:: Material for the task
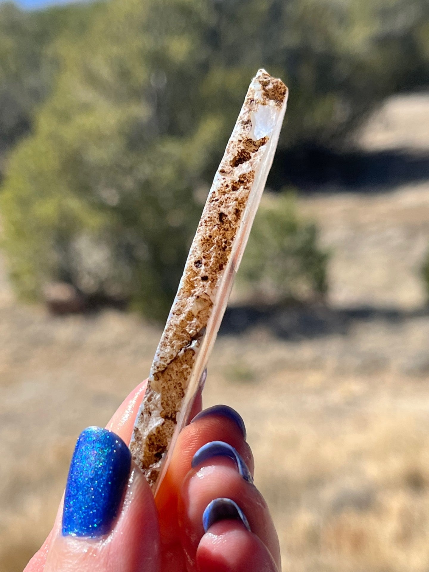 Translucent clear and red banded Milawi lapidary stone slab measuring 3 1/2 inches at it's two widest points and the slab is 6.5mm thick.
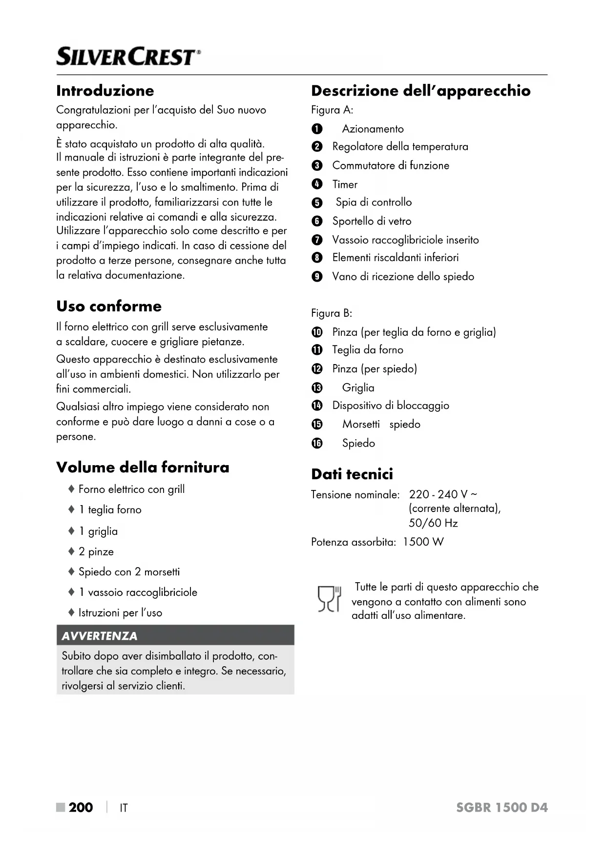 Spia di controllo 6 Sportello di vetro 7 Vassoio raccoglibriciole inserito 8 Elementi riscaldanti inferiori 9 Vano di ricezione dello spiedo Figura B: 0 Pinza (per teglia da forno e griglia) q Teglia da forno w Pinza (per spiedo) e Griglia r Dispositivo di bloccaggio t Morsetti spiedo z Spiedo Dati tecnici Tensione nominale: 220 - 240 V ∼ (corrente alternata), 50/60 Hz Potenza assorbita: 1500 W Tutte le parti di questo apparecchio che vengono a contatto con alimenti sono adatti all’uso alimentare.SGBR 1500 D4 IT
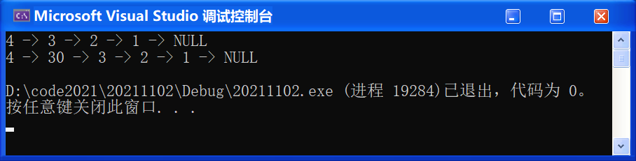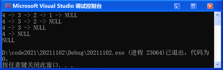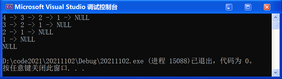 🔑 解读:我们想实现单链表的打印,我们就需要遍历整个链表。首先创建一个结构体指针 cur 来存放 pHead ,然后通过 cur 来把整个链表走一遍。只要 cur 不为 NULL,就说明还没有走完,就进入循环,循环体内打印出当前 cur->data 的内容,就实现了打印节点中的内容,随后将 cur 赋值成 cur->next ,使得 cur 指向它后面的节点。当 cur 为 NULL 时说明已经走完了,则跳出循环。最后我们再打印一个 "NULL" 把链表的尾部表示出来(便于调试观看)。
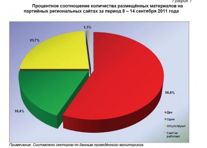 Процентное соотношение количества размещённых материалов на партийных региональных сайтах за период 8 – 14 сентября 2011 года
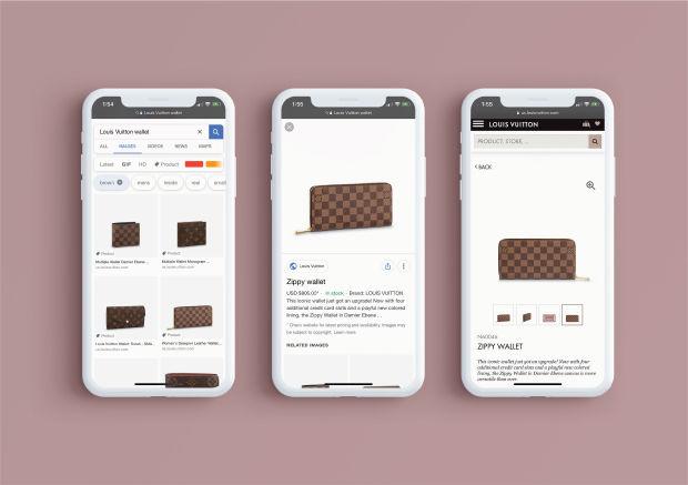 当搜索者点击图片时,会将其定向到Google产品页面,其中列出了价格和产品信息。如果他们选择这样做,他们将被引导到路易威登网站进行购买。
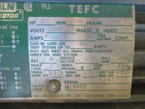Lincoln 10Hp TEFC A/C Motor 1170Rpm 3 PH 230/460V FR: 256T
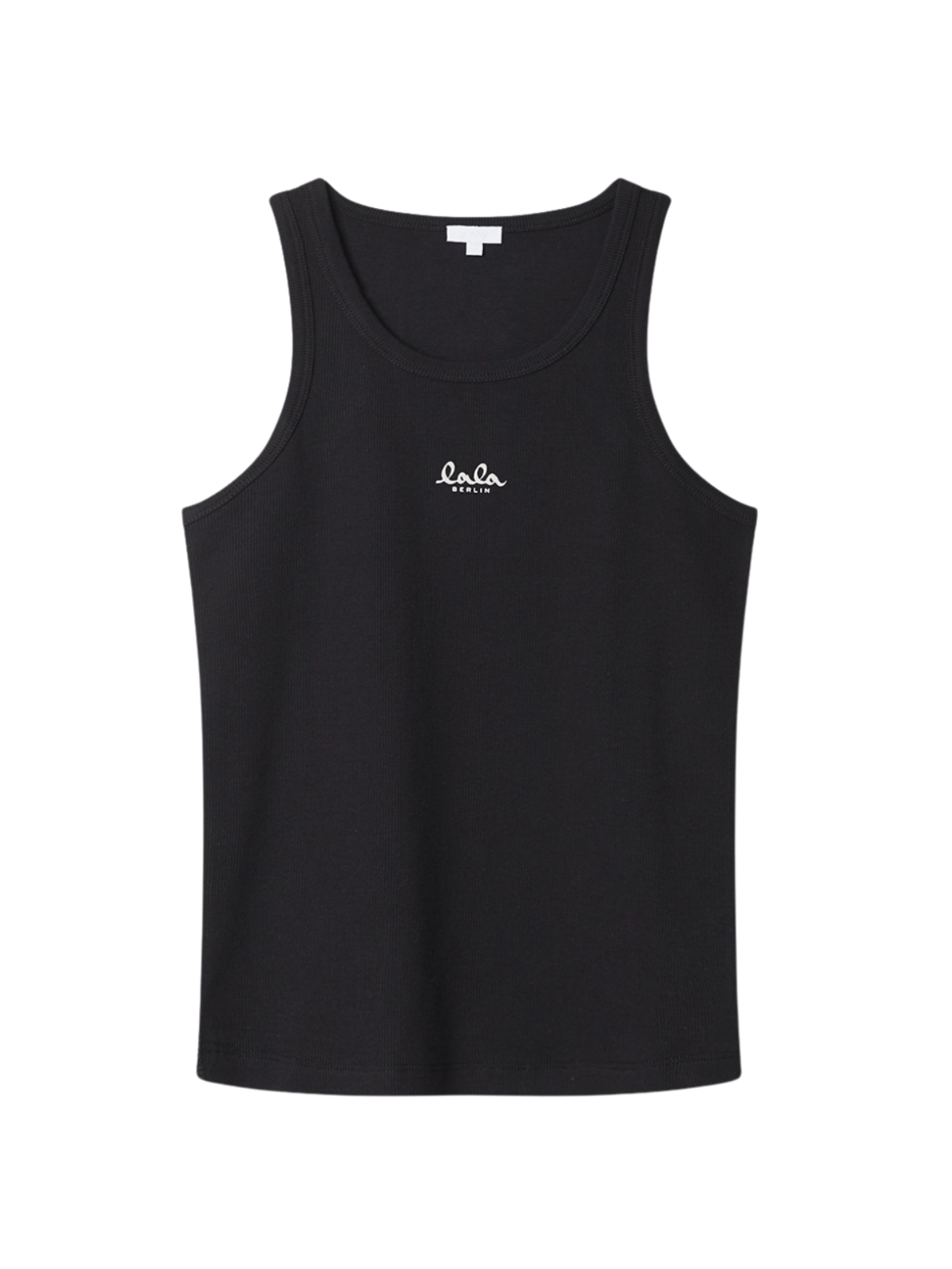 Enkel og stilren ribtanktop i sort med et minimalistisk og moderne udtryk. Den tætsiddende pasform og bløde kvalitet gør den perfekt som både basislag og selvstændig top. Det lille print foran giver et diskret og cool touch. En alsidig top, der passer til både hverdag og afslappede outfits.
::::
:: Material for the task
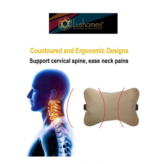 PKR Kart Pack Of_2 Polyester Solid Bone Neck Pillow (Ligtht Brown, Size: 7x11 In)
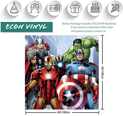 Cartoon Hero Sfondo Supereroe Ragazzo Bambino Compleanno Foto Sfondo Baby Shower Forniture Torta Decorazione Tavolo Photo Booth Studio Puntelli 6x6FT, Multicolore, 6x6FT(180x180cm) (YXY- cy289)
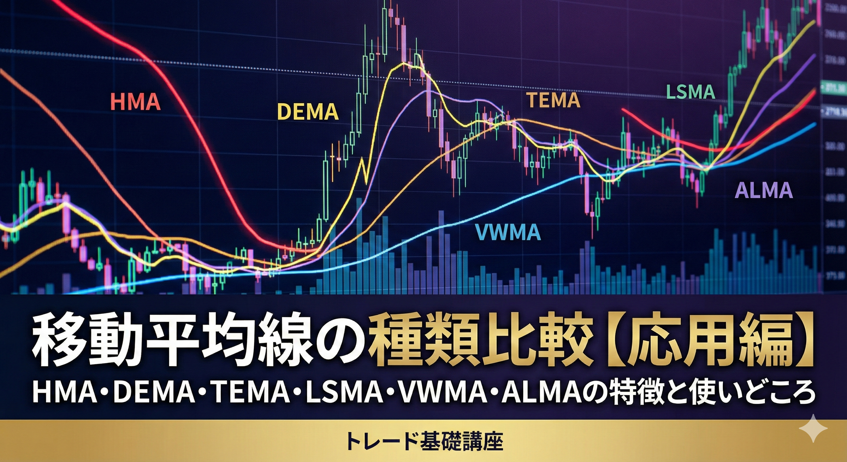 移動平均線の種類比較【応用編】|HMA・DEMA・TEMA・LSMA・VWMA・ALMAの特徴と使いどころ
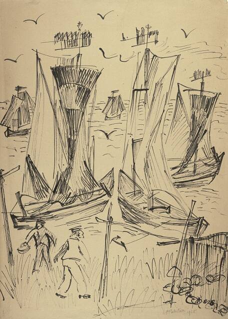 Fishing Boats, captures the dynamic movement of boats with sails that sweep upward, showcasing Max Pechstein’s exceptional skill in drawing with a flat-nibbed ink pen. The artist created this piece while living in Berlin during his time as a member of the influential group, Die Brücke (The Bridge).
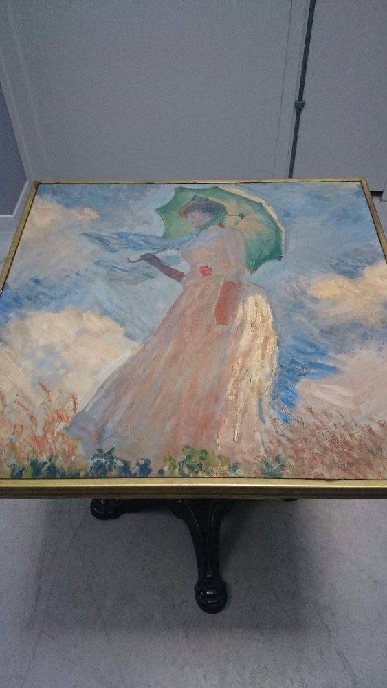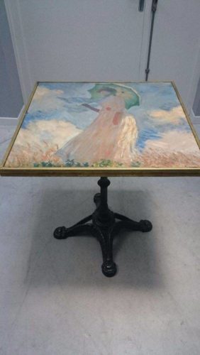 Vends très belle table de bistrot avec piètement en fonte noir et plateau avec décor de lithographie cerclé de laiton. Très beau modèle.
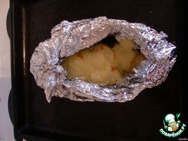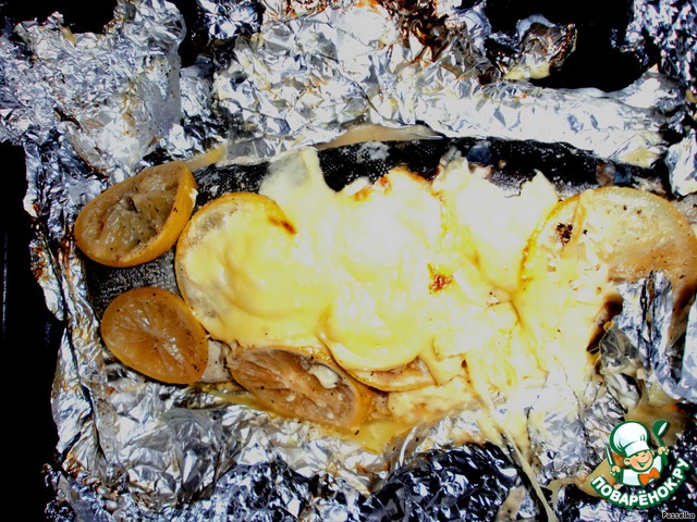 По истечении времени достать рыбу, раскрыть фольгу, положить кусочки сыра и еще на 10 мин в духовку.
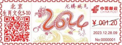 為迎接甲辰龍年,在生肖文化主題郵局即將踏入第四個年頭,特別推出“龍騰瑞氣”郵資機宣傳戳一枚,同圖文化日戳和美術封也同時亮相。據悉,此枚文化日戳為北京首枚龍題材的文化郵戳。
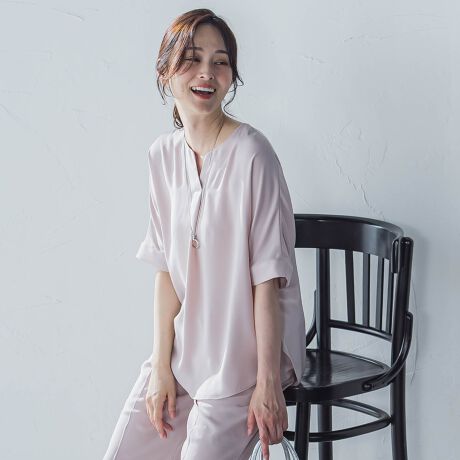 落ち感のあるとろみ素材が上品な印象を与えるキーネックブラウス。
::::
Would you restate, exactly and with no pictures, the lines of the entries above from the one containing "Cartoon Hero Sfondo" through the one containing "移動平均線の種類比較【応用編"?

 Cartoon Hero Sfondo Supereroe Ragazzo Bambino Compleanno Foto Sfondo Baby Shower Forniture Torta Decorazione Tavolo Photo Booth Studio Puntelli 6x6FT, Multicolore, 6x6FT(180x180cm) (YXY- cy289)
 移動平均線の種類比較【応用編】|HMA・DEMA・TEMA・LSMA・VWMA・ALMAの特徴と使いどころ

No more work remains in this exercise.